▶

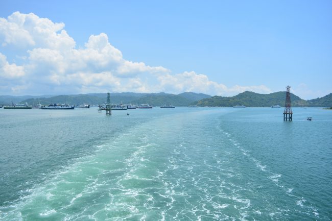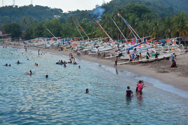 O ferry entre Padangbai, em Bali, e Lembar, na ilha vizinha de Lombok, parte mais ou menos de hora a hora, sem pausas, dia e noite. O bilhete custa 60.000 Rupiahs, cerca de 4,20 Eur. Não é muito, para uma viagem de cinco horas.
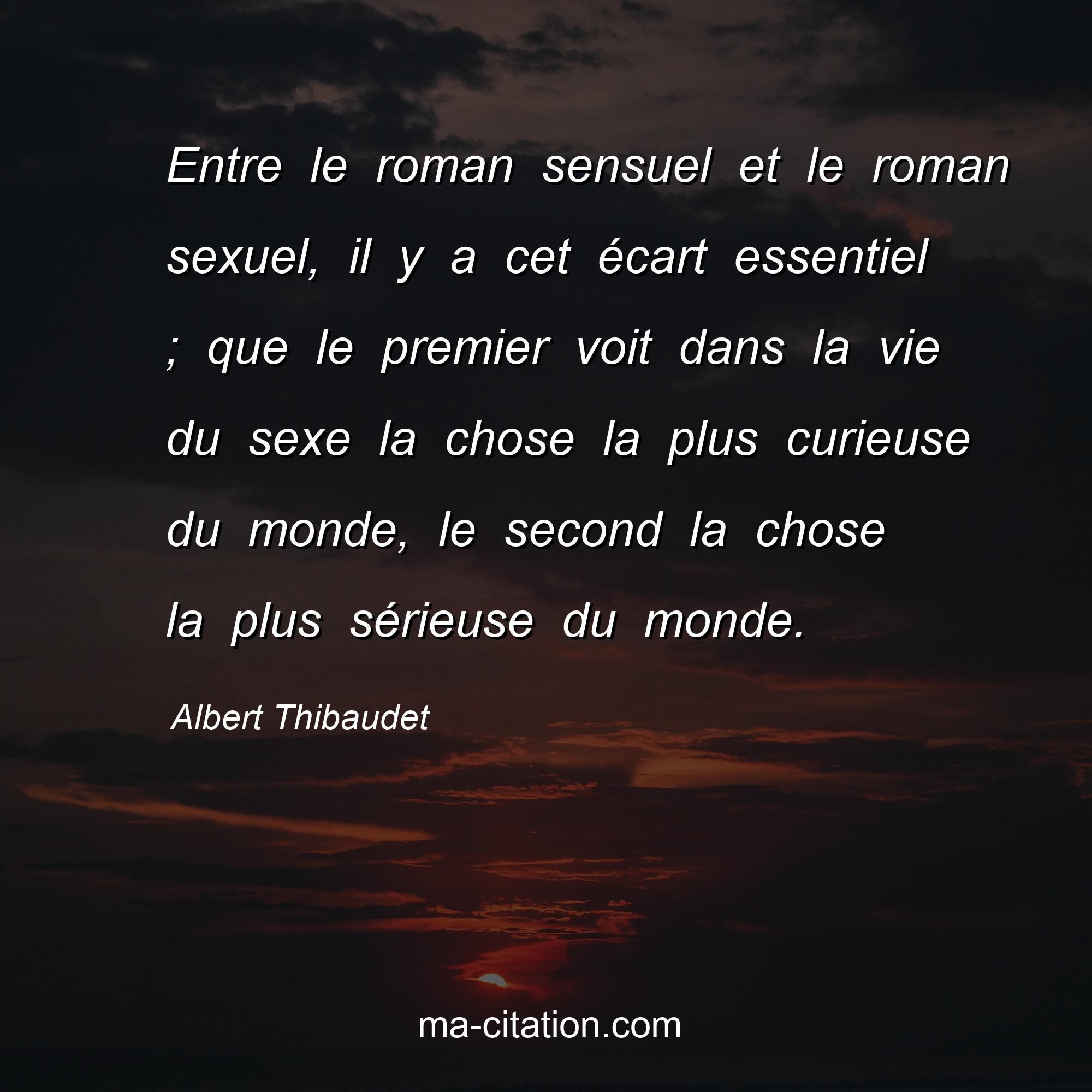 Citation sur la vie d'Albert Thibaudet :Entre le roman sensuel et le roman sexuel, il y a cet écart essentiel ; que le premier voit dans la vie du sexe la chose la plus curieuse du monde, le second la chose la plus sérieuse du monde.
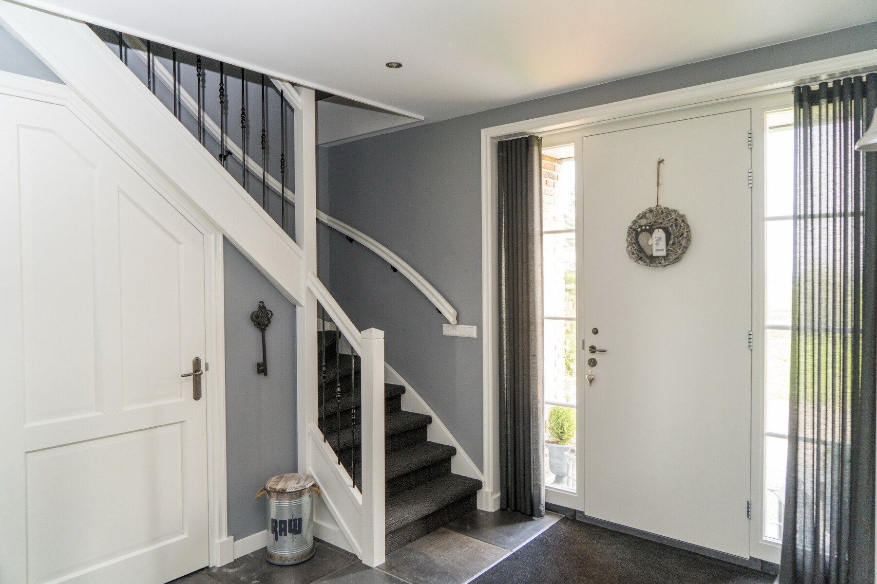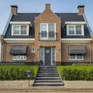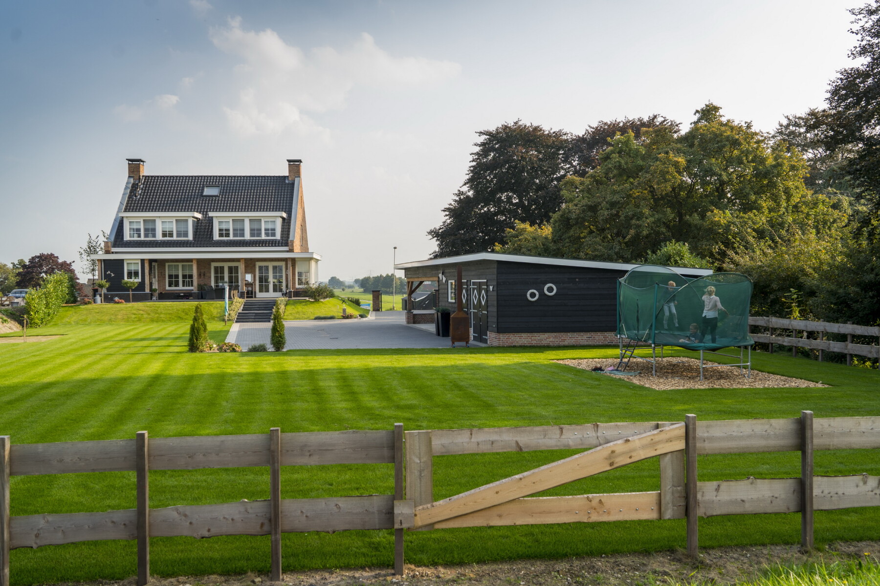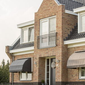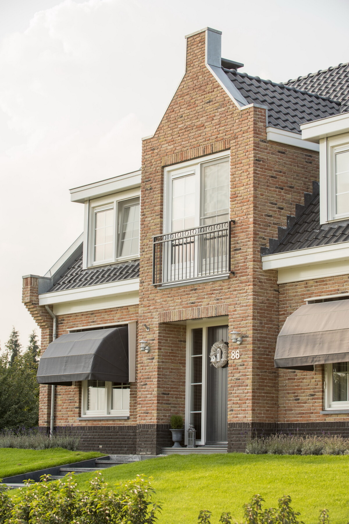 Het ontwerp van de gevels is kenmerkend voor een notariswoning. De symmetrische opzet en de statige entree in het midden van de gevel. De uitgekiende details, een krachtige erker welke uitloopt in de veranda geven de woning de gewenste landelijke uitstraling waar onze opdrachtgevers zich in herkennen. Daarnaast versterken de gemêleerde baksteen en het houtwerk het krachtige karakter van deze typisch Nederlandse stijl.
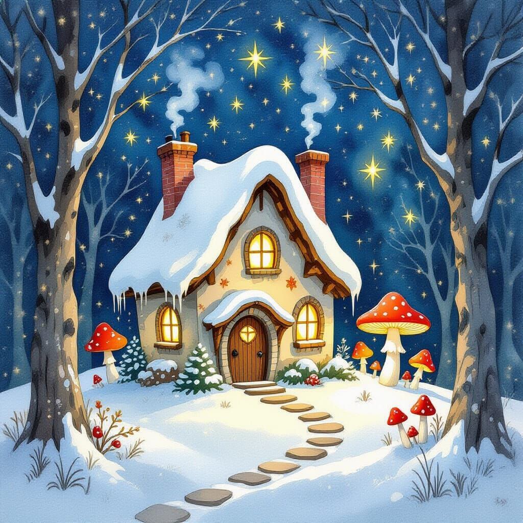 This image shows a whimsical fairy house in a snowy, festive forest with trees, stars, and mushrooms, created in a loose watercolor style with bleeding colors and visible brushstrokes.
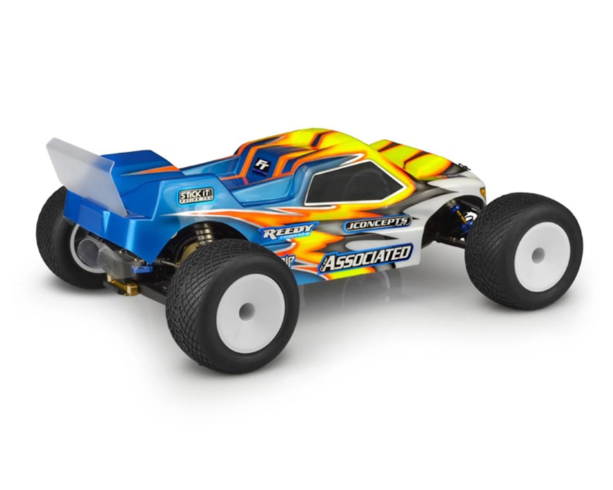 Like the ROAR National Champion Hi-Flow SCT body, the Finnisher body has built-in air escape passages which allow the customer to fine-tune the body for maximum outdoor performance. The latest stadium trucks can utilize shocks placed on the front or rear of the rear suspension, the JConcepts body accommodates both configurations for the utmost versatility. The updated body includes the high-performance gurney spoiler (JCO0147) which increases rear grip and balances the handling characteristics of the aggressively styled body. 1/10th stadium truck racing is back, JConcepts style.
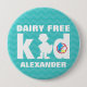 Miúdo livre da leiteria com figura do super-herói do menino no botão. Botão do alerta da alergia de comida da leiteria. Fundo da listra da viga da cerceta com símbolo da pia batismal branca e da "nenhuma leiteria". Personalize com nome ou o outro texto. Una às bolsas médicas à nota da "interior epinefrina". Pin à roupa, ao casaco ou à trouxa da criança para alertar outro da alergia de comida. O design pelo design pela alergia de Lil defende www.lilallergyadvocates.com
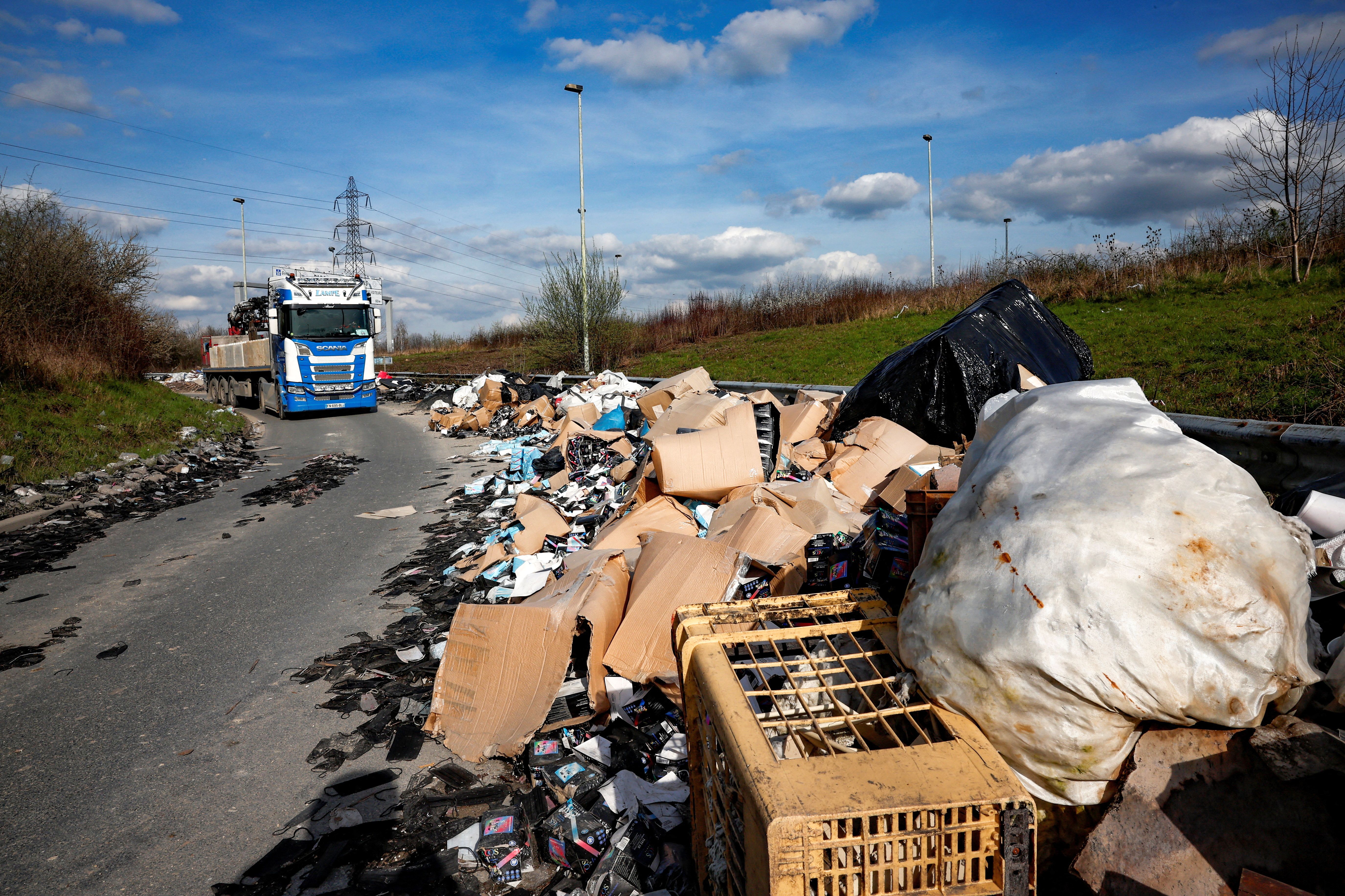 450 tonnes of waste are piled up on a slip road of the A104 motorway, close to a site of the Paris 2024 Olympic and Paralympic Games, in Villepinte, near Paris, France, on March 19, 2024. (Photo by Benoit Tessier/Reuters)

◀

> [Problem]: Only the lines from the top of the records through the line with "Citation sur la" belong in the copy; write them out exactly, leaving out pictures.

> [Result below]:
 O ferry entre Padangbai, em Bali, e Lembar, na ilha vizinha de Lombok, parte mais ou menos de hora a hora, sem pausas, dia e noite. O bilhete custa 60.000 Rupiahs, cerca de 4,20 Eur. Não é muito, para uma viagem de cinco horas.
 Citation sur la vie d'Albert Thibaudet :Entre le roman sensuel et le roman sexuel, il y a cet écart essentiel ; que le premier voit dans la vie du sexe la chose la plus curieuse du monde, le second la chose la plus sérieuse du monde.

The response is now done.